Morbier têm nova geração de produtores

Emmanuel Pourchet, produtor que transforma o leite da própria fazenda. Emmanuel Pourchet

O morbier pesa em torno de 7 kg e é um queijo feito tradicionalmente por cooperativas que coletam leite de produtores no território autorizado e feito obrigatoriamente de leite cru. A novidade é que o sindicato agora tem 5 produtores de leite que resolveram parar de vender o leite para a cooperativa e fazer o queijo eles mesmos. “Podemos assim valorizar melhor o leite e ter melhor qualidade de vida” justificou Emmanuel Porchet, um jovem de 32 anos que decidiu assumir a fazenda dos pais e transformar uma parte do leite.
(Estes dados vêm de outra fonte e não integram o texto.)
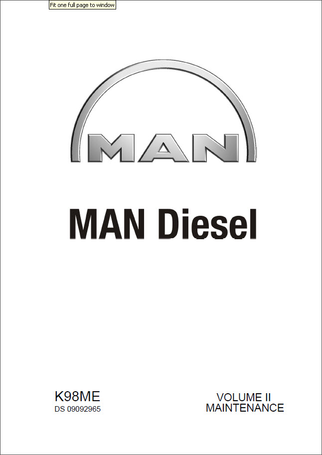 Year: 2006 Language: english Author: MAN Diesel A/S Genre: MANUAL Publisher: MAN Diesel A/S Format: PDF Quality: OCR without errors Number of pages: 865 Description: Instructions for Main Engines This book forms part of a set of books consisting of three volumes entitled: Vol. I OPERATION Vol. II MAINTENANCE Vol. III COMPONENTS, DESCRIPTIONS The purpose of these books is to provide general guidance on operation and maintenance and to describe the constructional features of a standard version of an MAN B&W main diesel engine. Deviations may be found in a specific plant. In addition, the books can be used for reference purposes, for instance in correspondence and when ordering spare parts. It is essential that the following data is stated in spare parts orders as it is used by us to ensure the supply of the correct parts for the individual engines: Name of vessel / Engine No. built by / Plate No. / Part No. / Quantity required (and description) / Example: M/S Nybo – 7730 B&W – P90201-0036 – 059 / 10 off (piston ring) To ensure optimum efficiency, reliability and lifetime of the engine and its components, only original spare parts should be used when replacing parts on the engine. When used in texts and illustrations, the designation “D” refers to the information given on the data sheets inserted in the respective books. Reliable and economical operation of the diesel engines is conditional upon its correct operation and maintenance in accordance with MAN Diesel’ instructions. Emissions related maintenance of the diesel engine shall be performed as specified in MAN Diesel’ instructions and any additional instructions to that effect included in the Technical File. Consequently, it is essential that the engine room personnel are fully acquainted with the contents of this book and, in respect of instructions on emissions related maintenance of the diesel engine, also the additional instructions to that effect set out in the Technical File. This book is subject to copyright protection, and should therefore not, in whole or in part, be copied, reproduced, made public or in any other way made available to a third party without the written consent of this effect from MAN Diesel. The Checking and Maintenance Schedules indicate the intervals at which it is deemed appropriate to inspect the individual components of the engine and to carry out overhauls, if necessary, based on the engine condition or on time criteria. The stated Normal hours of service should only be used as a guide, as differences in the actual service conditions, the quality of the fuel oil or lubricating oil, the treatment of cooling water, etc. will decisively influence the actual service results, and thus the intervals between necessary overhauling. Design modifications may necessitate a revision of the instructions, in which case the revised instructions and changed overhauling intervals, if any, will apply and supersede those originally issued (see e.g our Service Letters). In addition to the checking and overhauling intervals stated in this schedule, please note that the periodical survey requirements of the classification society may require additional checks and overhauls to be carried out. For further information please refer to the classification society. The procedures are divided into three categories: Condition checking procedures marked under the heading Normal hours of service with a C, deal with the service condition of a number of engine components, and form the basis for estimating whether further overhauling is necessary. In a number of cases the condition checking procedures refer to Volume I of the instruction book, in which more detailed descriptions and working procedures can be found. Condition-based overhauling procedures are those procedures which under the heading Normal hours of service are marked with an O, and opposite which, under the heading Overhaul to be based on procedure No. (column P), a procedure number is stated. This procedure number normally refers to one of the above condition checking procedures which form the basis of the overhaul. For this reason, the intervals stated are for guidance only. Time-based overhauling procedures also marked with an O under the headings Normal hours of service or Based on observations, are the procedures where an actual basis for estimation is lacking. It is recommended, therefore, to carry out these procedures at the overhauling intervals stated as a basis. Where a symbol O or C is indicated in Based on observations (column B), this is due to the fact that special service conditions may make checking or overhauling necessary beyond the actual standard schedules indicated.
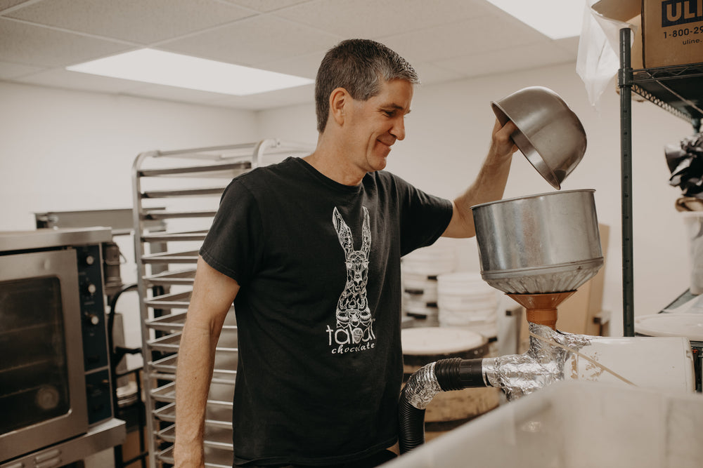 A lifelong chocolate lover, Dan Bieser set out to create the best chocolate imaginable from bean to bar. Using the highest quality ingredients he took over the kitchen and garage of his house. Soon he was asking friends and family to taste different varieties. The reactions were great and lead to engaging conversations long into the night covering topics from chocolate to family, to old childhood memories. It was in those conversations that the idea for Tabal Chocolate began to take root.

Os queijos feitos nas fazendas são particulares, com mais tipicidade e gosto bem mais forte. “O queijo muda de acordo com a estação do ano, na época do verão que chove mais e as pastagens estão mais ricas em gordura, os microorganismos do leite também ficam mais ativos e aparecem algumas olhaduras no queijo, mais isso não é um defeito, pelo contrário, notamos que esses queijos têm mais sabor” contou Pauline Villeumain, responsável da fazenda Roches du Dard, que também resolveu parar de vender uma parte do leite para a cooperativa e transformar na própria fazenda.
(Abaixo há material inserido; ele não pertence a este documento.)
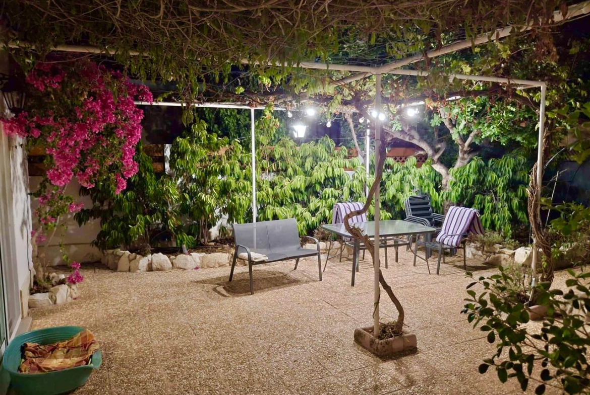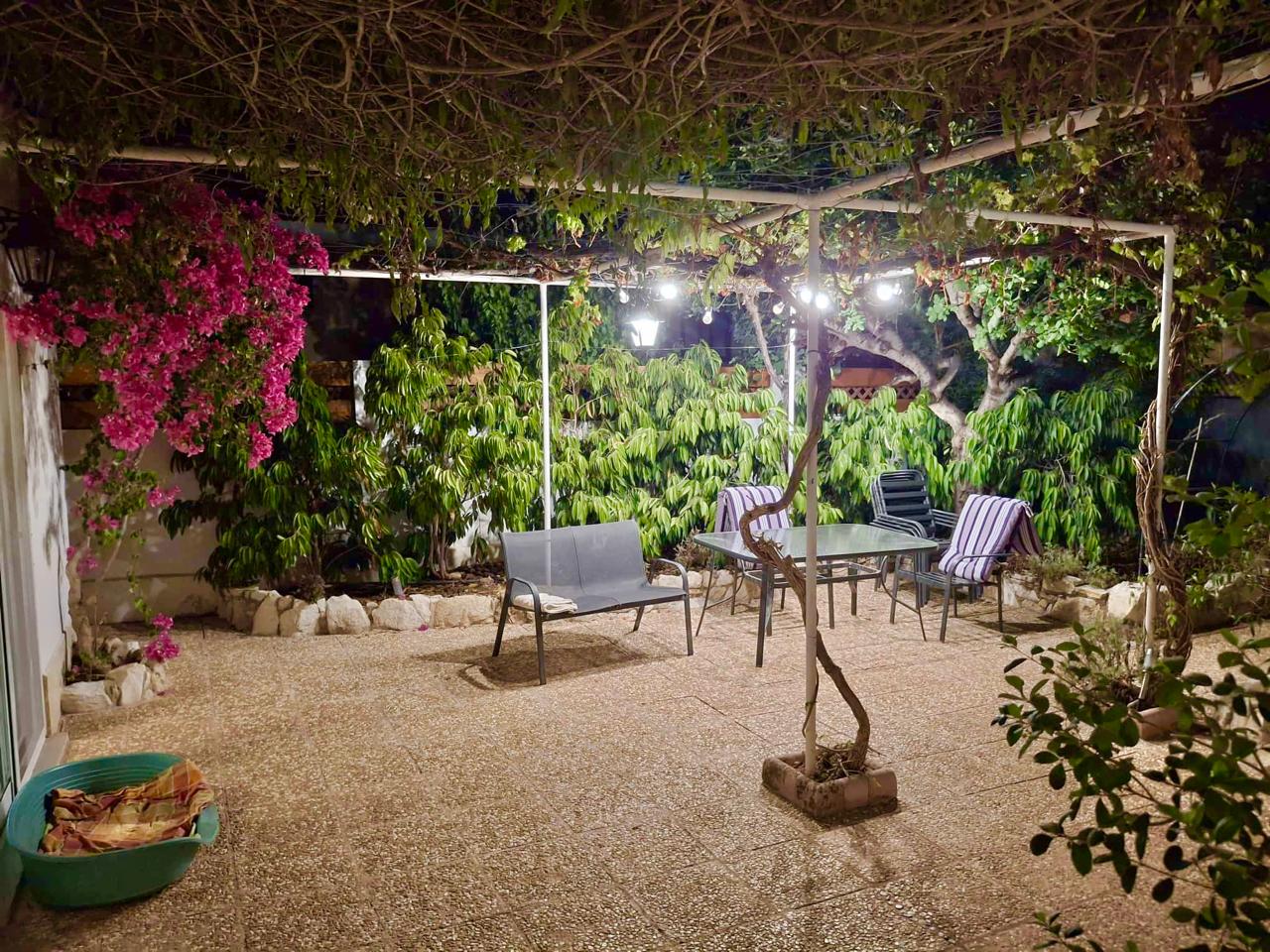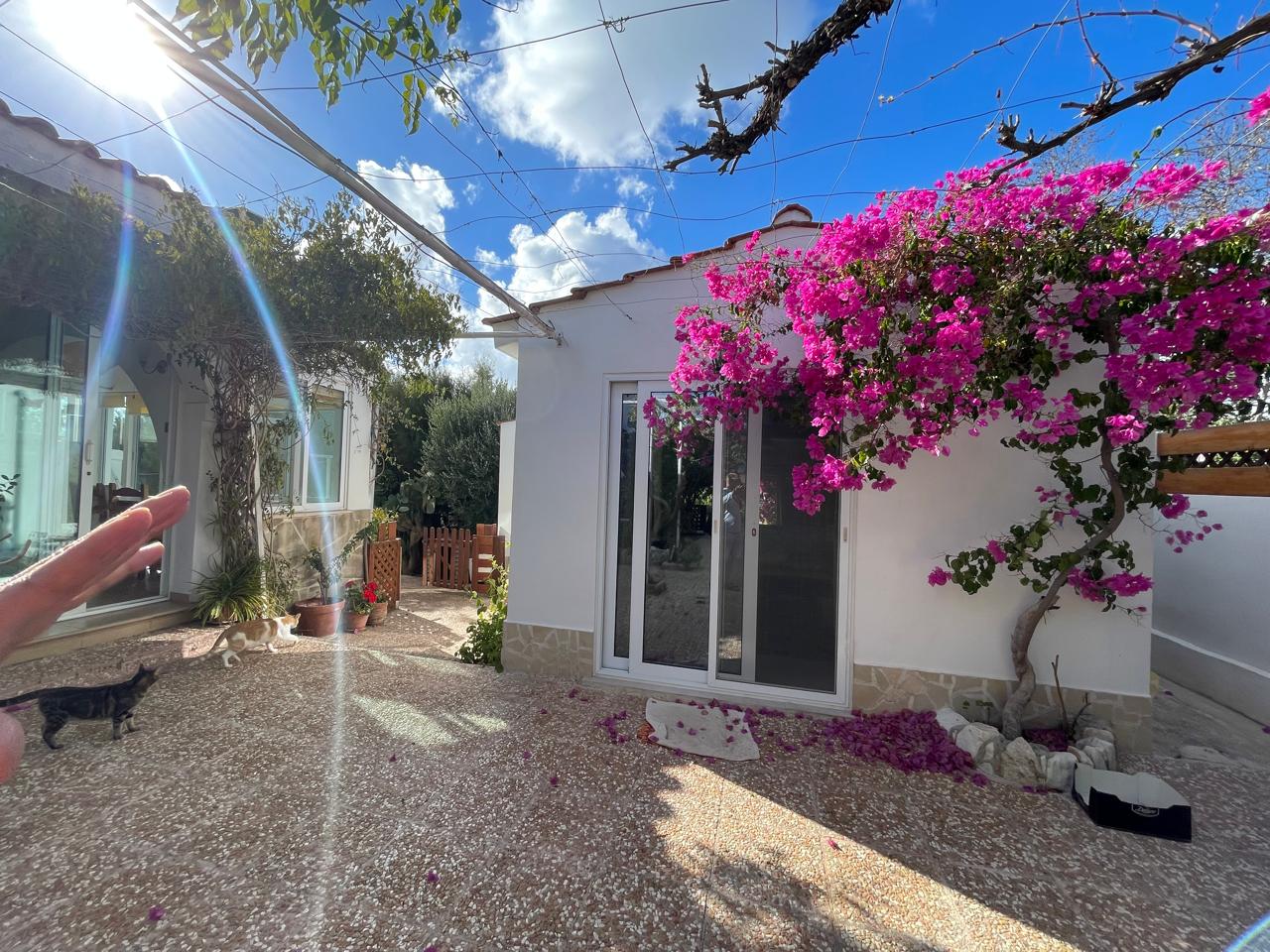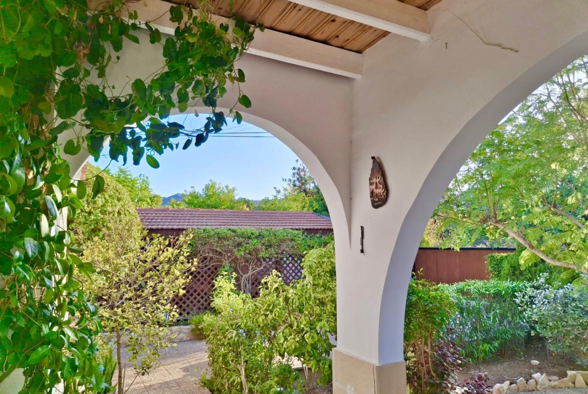 Arched spans of the covered veranda, the warm edge of a timber ceiling, light shimmering through the leaves. Bougainvillea scatters fuchsia petals across the tiles, and it’s instantly clear: this is not just a bungalow but a small private world in a “near-secret” corner of suburban Paphos where you’ll want to linger.

O sindicato dos produtores tem uma comissão organoléptica que prova os queijos de todos os produtores que têm direito de usar o selo da denominação de origem para controlar a qualidade, quatro vezes por ano. “Nossos queijos, mesmo mais rústicos e com olhaduras foram considerados excelentes, ficamos felizes que a comissão tem essa abertura para a diversidade dos sabores. É leite cru, é normal respeitar essa diversidade” disse Pauline.
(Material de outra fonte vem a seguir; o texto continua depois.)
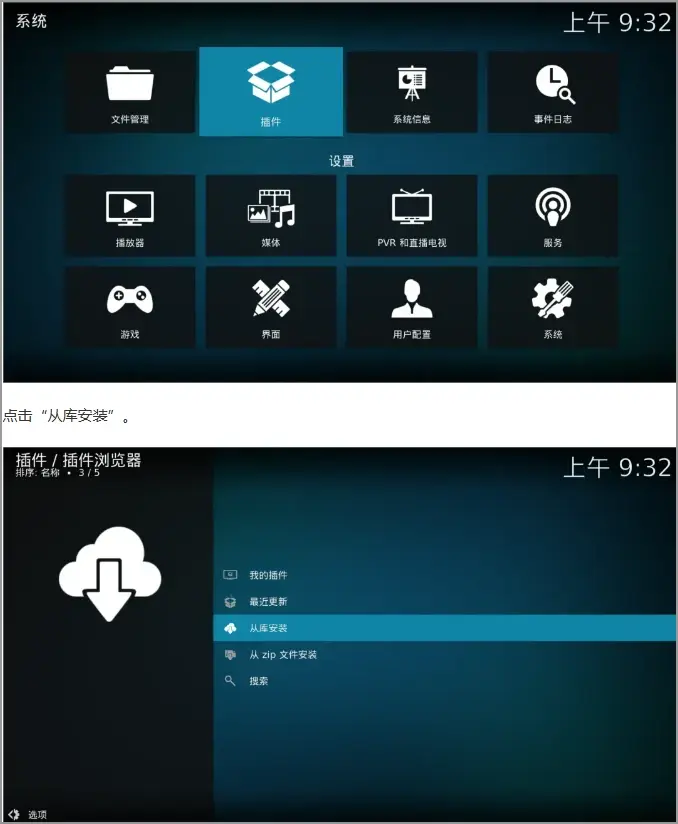 首先,获取和安装 PVR IPTV 客户端,这是 Kodi 的默认 IPTV 播放器。返回 Kodi 的设置界面,点击“插件”。

Sentindo o gostinho do morbier

Por ter sido lavada com uma solução probiótica nativa da região (chamada de morge) a casca do queijo tem cor alaranjada e cheiro bem intenso. Do inverno ao verão, a massa vai do marfim ao amarelo, porque quando as vacas estão pastando no verão elas comem mais caroteno. Ele tem fragrâncias frutadas bem marcantes e uma textura ligeiramente macia, como um queijo raclette. Aliás, excelente para derreter em cima da batata cozida, como as raclettes.